Webseite Ladezeit verbessern: So verlieren Sie keine Kunden mehr ans Warten

Dirk Meißner Dirk Meißner 6 Min. Lesezeit
Person wartet mit dem Smartphone in der Hand auf eine ladende Webseite, im Hintergrund eine Baustelle.

Stellen Sie sich vor: Bei einer Familie in Wilsdruff platzt am Sonntagabend ein Wasserrohr. Das Wasser steht im Flur, die Panik ist groß. Der Mann zückt das Handy und tippt “Klempner Notdienst Dresden” bei Google ein. Er klickt auf das erste Ergebnis. Die Seite fängt an zu laden. Ein graues Bild baut sich auf, ein Logo ruckelt rein, dann dreht sich noch ein Ladekreis. Nach vier Sekunden ist der Mann schon wieder weg und beim nächsten Treffer. Ihr Treffer. Der Auftrag war zum Greifen nah und ist trotzdem verloren. Nicht wegen des Preises, nicht wegen der Bewertungen, sondern wegen drei Sekunden zu viel.

Genau darum geht es bei der Ladezeit. Sie entscheidet darüber, ob ein Kunde Sie überhaupt kennenlernt.
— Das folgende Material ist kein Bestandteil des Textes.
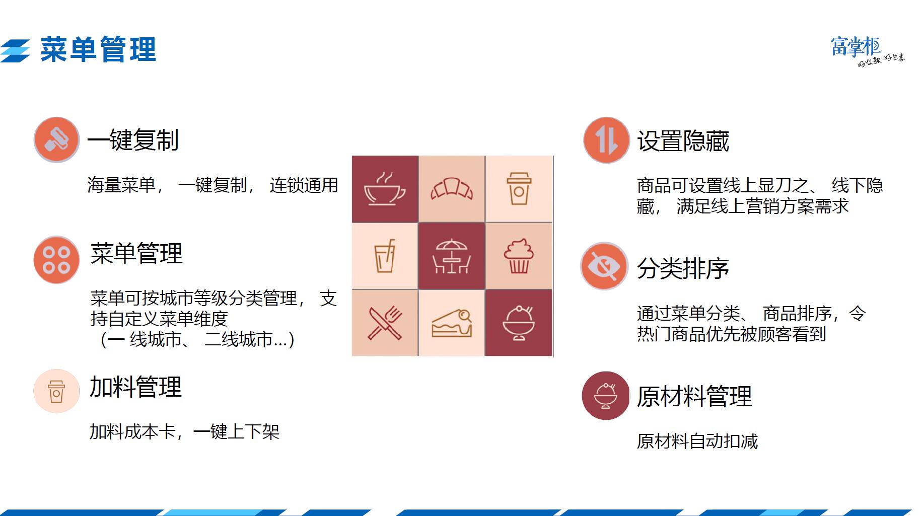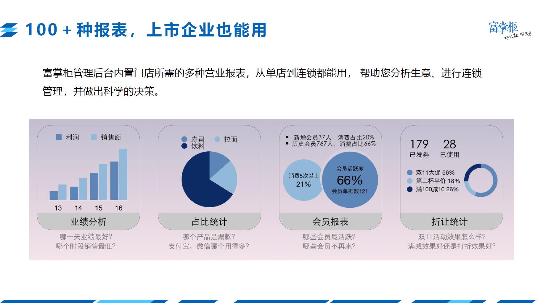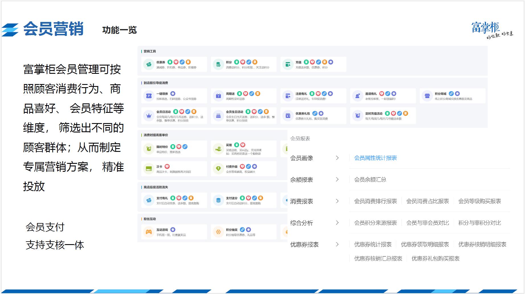 会员支付 支核一体 会员折扣 会员积分富掌柜会员管理可按照顾客消费行为、商品喜好、会员特征等维度, 筛选出不同的顾客群体;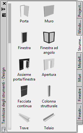 Le tavolozze personalizzate create dall'amministratore CAD o da altri utenti possono anche contenere strumenti Apertura con proprietà personalizzate per i propri progetti o standard di lavoro.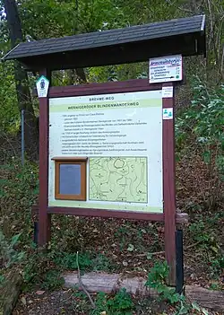 Informationstafel mit Tafel in Brailleschrift am Beginn des Wernigeröder Blindenwanderweges (2018)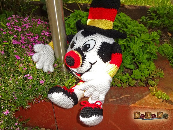2.Mit der Nadelstärke 3,5 gehäkelt, hat Rudi ungefähr;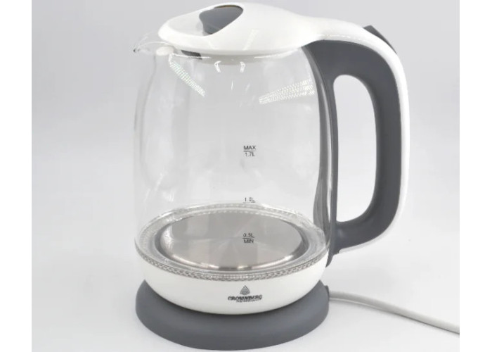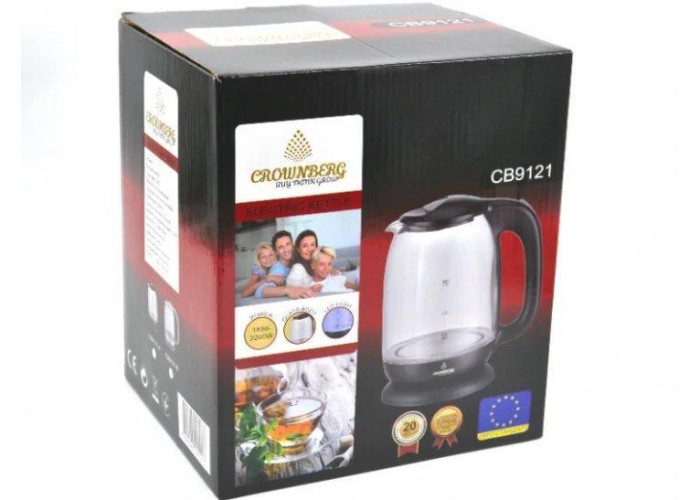 Чайник Crownberg CB 9121 являє собою електрочайник об'ємом 1.7 л, цього цілком вистачить для приготування чаю для всієї родини та гостей. Щоб не обпекти руки об ручку чайника, виробники зробили її з пластику, цей матеріал не нагрівається в процесі роботи пристрою. Класичний сучасний електричний чайник поєднує в собі стильний дизайн, швидке нагрівання та доступну вартість. Колба електрочайника виготовлена з жароміцного скла та забезпечена вбудованою підсвіткою. Прихований дисковий нагрівальний елемент підвищує швидкість закипання води та знижує утворення накипу. Електрочайник високої якості з нешкідливих матеріалів, що не мають різкого запаху, — запорука приємного та безпечного чаювання в колі сім'ї та друзів.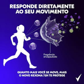 A cada ano as pessoas se movimentam menos. Sentamos e esperamos, seja no escritório ou no trânsito. Mas, na verdade, sabemos que quanto mais a gente se move, mais a gente vive. Rexona Active Emotion proporciona 48 horas de proteção contra a transpiração e o mau odor, deixando você confiante do primeiro ao último passo Sua fórmula possui microcápsulas especiais que, quando uma situação estrassante causa transpiração, essas cápsulas liberam a proteção antitranspirante. Além disso, Rexona Active Emotion contém a inovadora tecnologia MotionSense™. Suas exclusivas microcápsulas são quebradas pelo atrito dos movimentos, liberando proteção extra ao longo do dia. Proteção para te manter em movimento.Rexona. Não te abandona.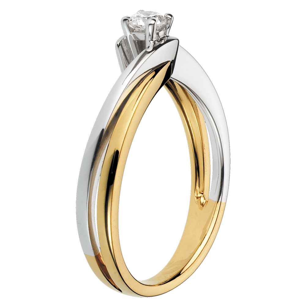 Ein dezent strahlender Diamant krönt diese originelle Fassung aus zwei Goldfarben. Ein edler Ring, der Lebendigkeit ausstrahlt.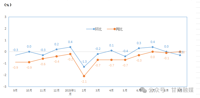 2025年9月份,甘南居民消费价格同比持平。其中,食品价格下降1.9%,非食品价格上涨0.5%;消费品价格下降0.2%,服务价格上涨0.4%。1-9月平均,甘南居民消费价格比去年下降0.4%。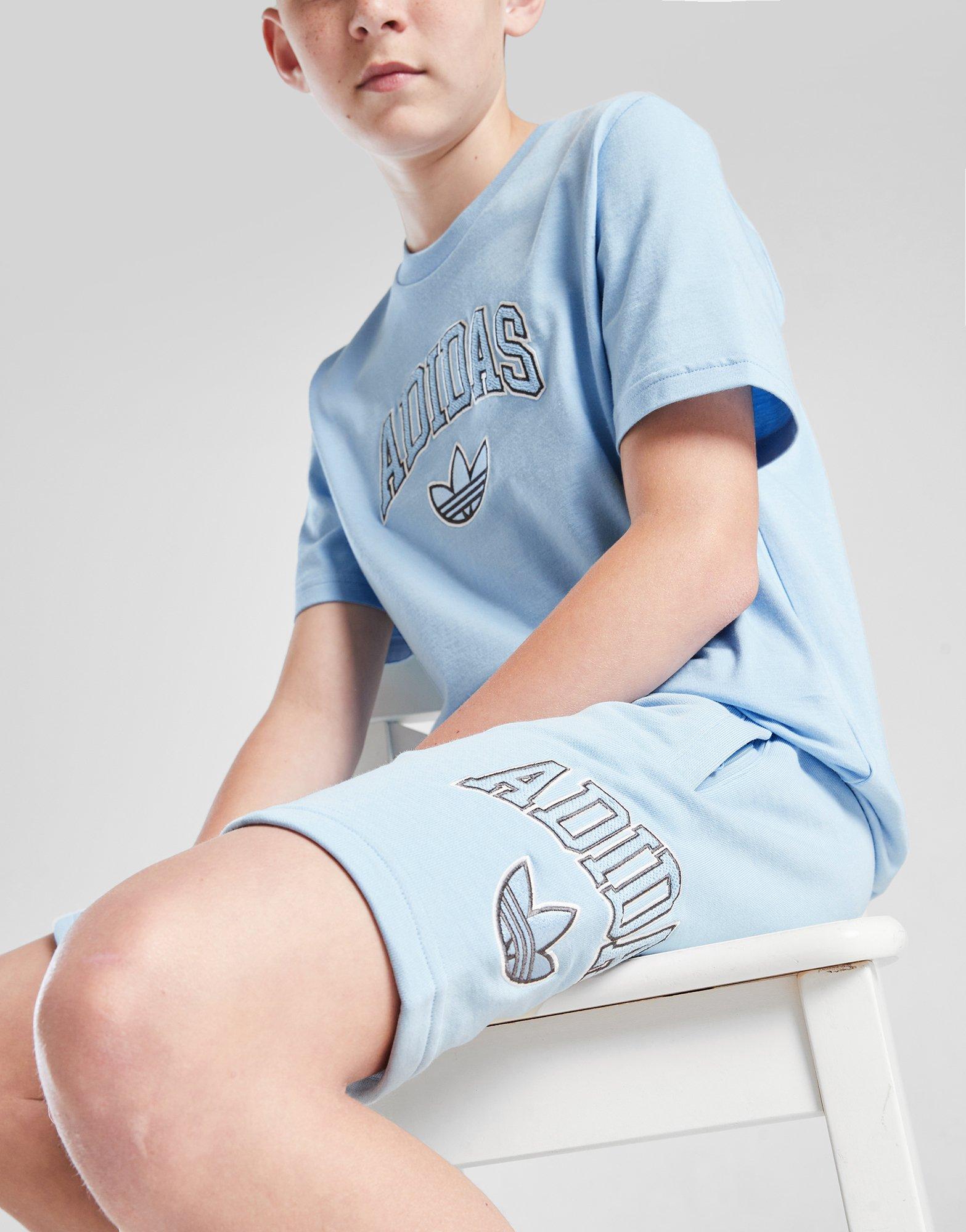 Freshen up your off-duty fits with these juniors' Collegiate Shorts from adidas Originals. In a Clear Sky colourway, these JD-exclusive shorts are cut from a soft cotton and recycled polyester blended fabric for total comfort. They feature an elasticated waistband with a drawcord to adjust the fit, and side pockets to stash away your essentials. Finished up with varsity-style adidas Originals branding above the hem. Machine washable. | JX6854

Drei Sekunden, dann ist der Kunde weg

Die Zahlen sind eindeutig. Laut Google brechen 53 Prozent der mobilen Besucher den Aufruf ab, wenn eine Seite länger als drei Sekunden lädt. Über die Hälfte. Diese Menschen sehen Ihre Leistungen nie, lesen kein einziges Wort und finden Ihre Telefonnummer nicht. Steigt die Ladezeit von einer auf drei Sekunden, wächst die Wahrscheinlichkeit eines Absprungs um 32 Prozent. Jede zusätzliche Sekunde kostet Sie also Besucher und damit Anfragen.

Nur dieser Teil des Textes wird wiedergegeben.